With Maltodextrin as the only carb source it's not the best of gainers out there. Could use it for a post workout shake I guess.

Had to laugh at the review by Nigel....

"I have been taking this stuff for about 3months now and have put on 2 stone in muscle"

2 stone of muscle in three months!! :laugh: :lol: :lol: :lol:


----------



## Suprakill4 (Jul 11, 2008)

GunnaGetBig said:


> With Maltodextrin as the only carb source it's not the best of gainers out there. Could use it for a post workout shake I guess.
> 
> Had to laugh at the review by Nigel....
> 
> ...


 :lol: :lol: :lol: :lol: HAAAAAAAAAAAAA

Some of the reviews are hilarious mate. they make it sound like a miracle.


----------



## dsldude (Sep 11, 2008)

You only need fast acting sugar carbs like maltodextrin after a workout.

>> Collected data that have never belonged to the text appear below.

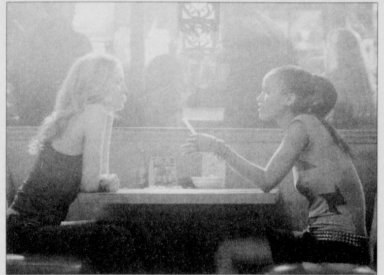
Kate Hudson (left) stars as Caroline, a live-in nurse who uncovers a terrifying secret and Joy Bryant (right) stars as her best friend, Jill.

Featured as the female lead in "Antwone Fisher" with Denzel Washington, Bryant's character acts as the voice of reason in the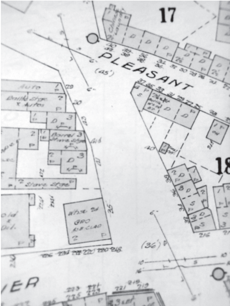
Map 3: This map shows the area depicted in Photo 3.

The need for subsidized and low-rent housing did not disappear with the slum clearance of the 1960s and the NIP and RRAP programs. In fact, Bacher (1993) argues that the latter had the ironic effect of inflating housing prices and further displacing low-income earners. And, as we have seen, the Cabot Place Development removed even more low-income earners from the little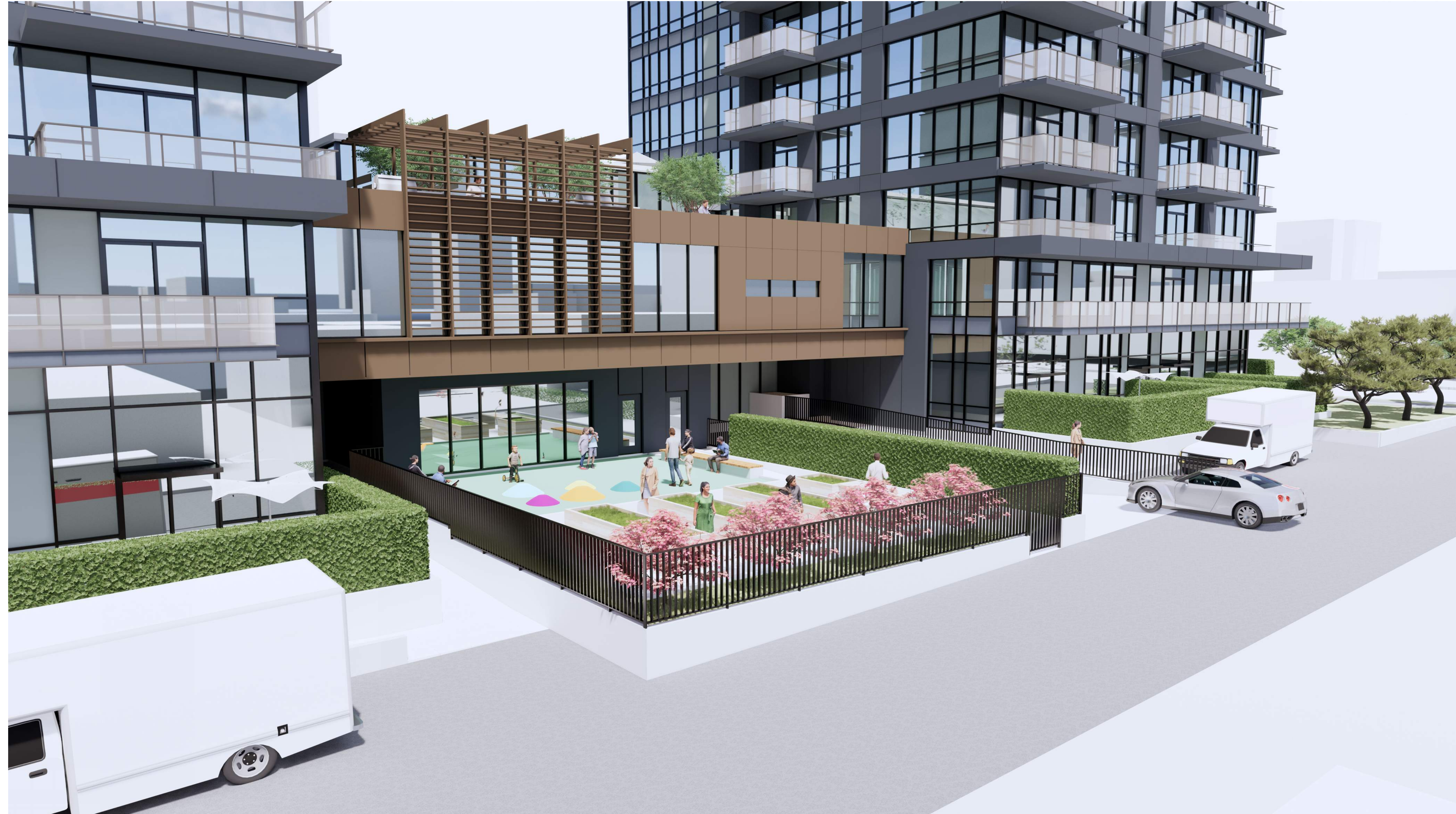
VIEW FROM LANE SHOWING PARKING ENTRANCE, LOADING AREAS AND OUTDOOR AMENITIES

I would go with the MRP instead it has wholegrain barley providing low glycemic carbohydrates, just use it like you would along side regular meals.

http://www.superfit.co.uk/nutrisport-mrp-60-30-2-5kg-5-5lb.html

I would go for chocolate though cause I have had banana and its

rank.


----------



## Galtonator (Jul 21, 2004)

nutrisport is like marmite. Some love it some hate it


----------